我正在寻找一种适合大型网格数据集的良好存储格式。该应用程序是气象学,我们更喜欢该领域内常见的格式(以帮助与其他人交换数据)。我不需要处理特殊的数据结构,应该有一个Fortran API。我目前正在考虑 HDF5、GRIB2 和 NetCDF4。
这些格式在数据压缩方面如何比较?它们的主要局限性是什么?学习曲线有多陡?还有其他值得研究的存储格式吗?
我没有找到大量概述这些格式的差异和优缺点的材料(有一个相关的SO线程 和 比较 GRIB 和 NetCDF 的演示文稿)。

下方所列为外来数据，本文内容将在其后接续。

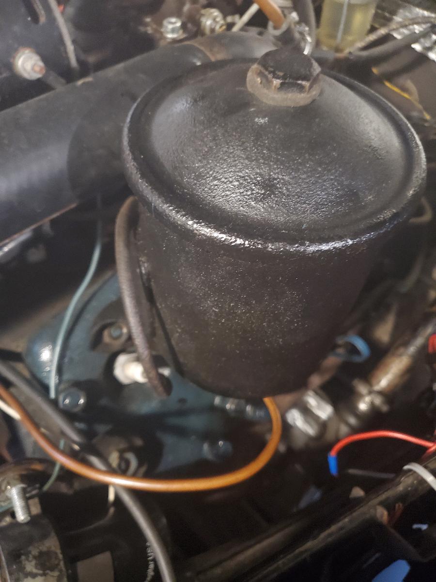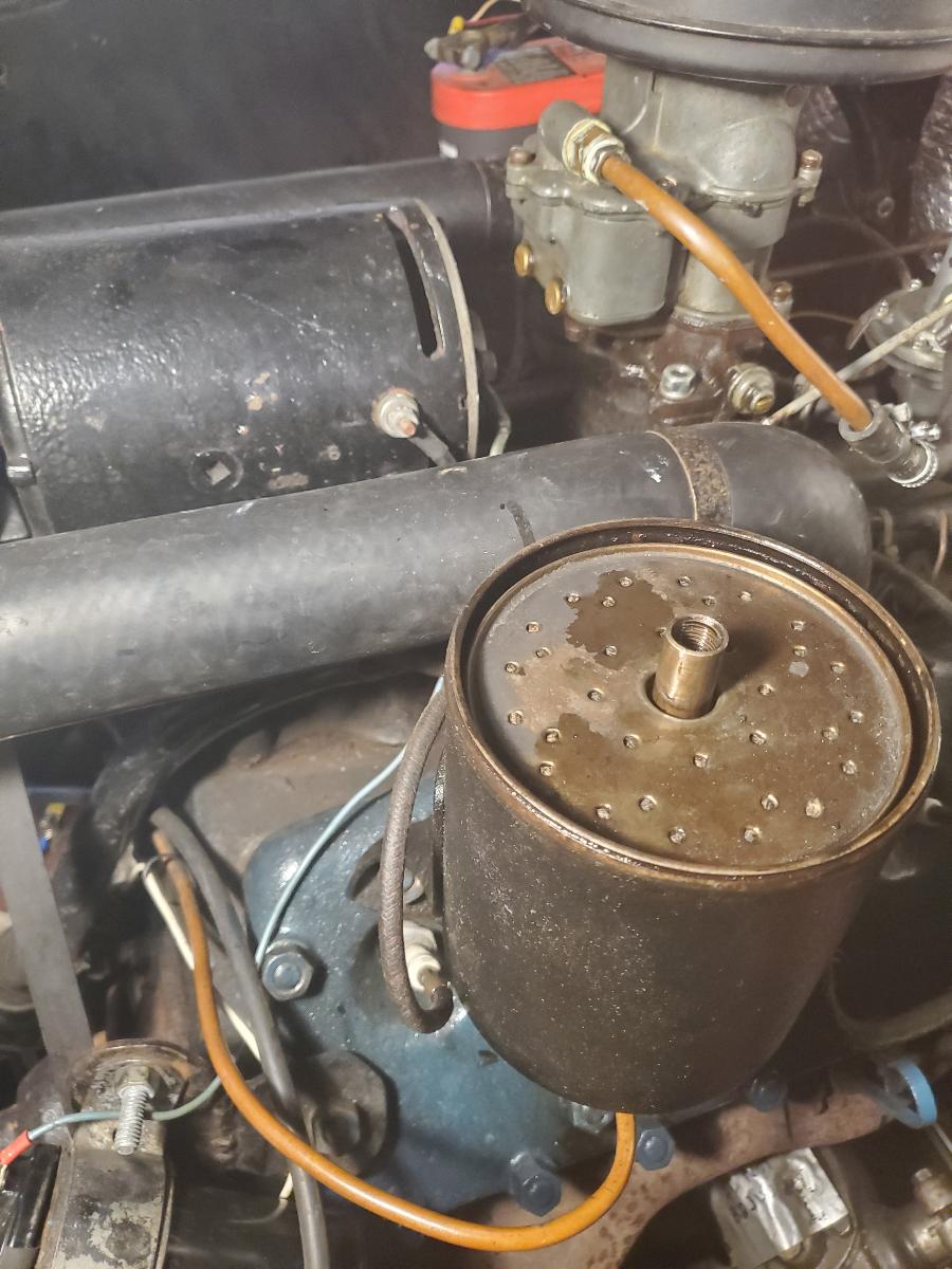 I recently acquired a 1941 Ford Super Deluxe and have never seen an oil filter element like this. The side of the element has no holes and are instead located at the top and the bottom. All of the other elements I've been able to find for this era of Ford have them on the sides. Has anyone seen one like this and any advice of how to freshen the filter for the car? I imagine this is reusable...wondering if cleaning in gasoline would work.

I am looking for a good storage format for large, gridded datasets. The application is meteorology, and we would prefer a format that is common within this field (to help exchange data with others). I don't need to deal with special data structures, and there should be a Fortran API. I am currently considering HDF5, GRIB2 and NetCDF4.
How do these formats compare in terms of data compression? What are their main limitations? How steep is the learning curve? Are there any other storage formats worth investigating?
I have not found a great deal of material outlining the differences and pros/cons of these formats (there is one relevant SO thread, and a presentation comparing GRIB and NetCDF).
发布评论
评论(2)
抱歉,我不是气象学专业,但在我看来,科学界正在向 HDF5 迈进,例如 NERSC 页面:
http://www.nersc.gov/users/training/online-tutorials/introduction-to-scientific-io/
我不得不对天体物理学数据采取相同的选择,就像我们历史上的那样使用 FITS,我发现开始使用 HDF5 非常容易,因为不仅有 Fortran 和 C,还有 C++ API,还有一个 python 包 (h5py)。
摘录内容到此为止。